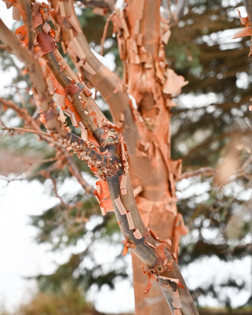 The tree’s most celebrated feature is its bark. As the tree matures, the outer bark peels away in thin, papery curls, exposing layers of warm cinnamon, copper, and mahogany underneath.
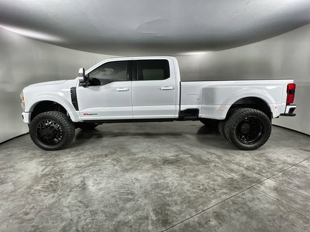 This stunning Low Mileage 2023 Oxford White Ford F-450 SuperDuty Lariat 4WD Dually is sure to turn heads! With a sleek Black Onyx Leather interior and Power Stroke 6.7L V8 Turbodiesel, this one-owner truck is packed with amazing features and upgrades. It has been professionally lifted with a Carli Suspension System to perfectly fit those bold, all-black 24-inch JTX Forged alloy wheels wrapped in rugged 37-inch NITTO Off-Road tires. Also, a dual steering stablizer kit with FOX Performance Stablizers to insure reduced bump steer and steering wheel feedback while enhancing your handling.
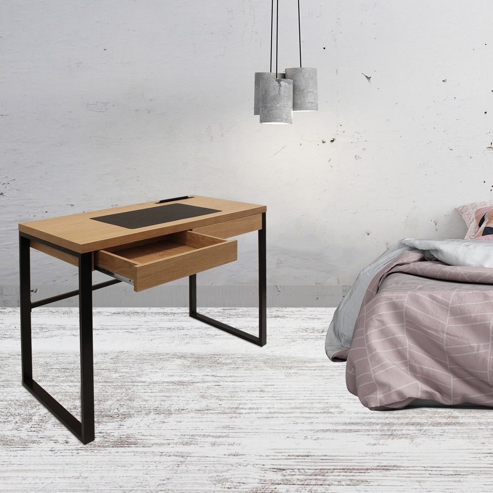 Con cajón y una almohadilla para el ordenador.

----------------------------------------

● **TASK TO CARRY OUT**:
"This stunning Low" marks the first line to be returned; return exactly that line and every line after it through the last line of the listing, omitting pictures.

● **EXERCISE ANSWER**:
 This stunning Low Mileage 2023 Oxford White Ford F-450 SuperDuty Lariat 4WD Dually is sure to turn heads! With a sleek Black Onyx Leather interior and Power Stroke 6.7L V8 Turbodiesel, this one-owner truck is packed with amazing features and upgrades. It has been professionally lifted with a Carli Suspension System to perfectly fit those bold, all-black 24-inch JTX Forged alloy wheels wrapped in rugged 37-inch NITTO Off-Road tires. Also, a dual steering stablizer kit with FOX Performance Stablizers to insure reduced bump steer and steering wheel feedback while enhancing your handling.
 Con cajón y una almohadilla para el ordenador.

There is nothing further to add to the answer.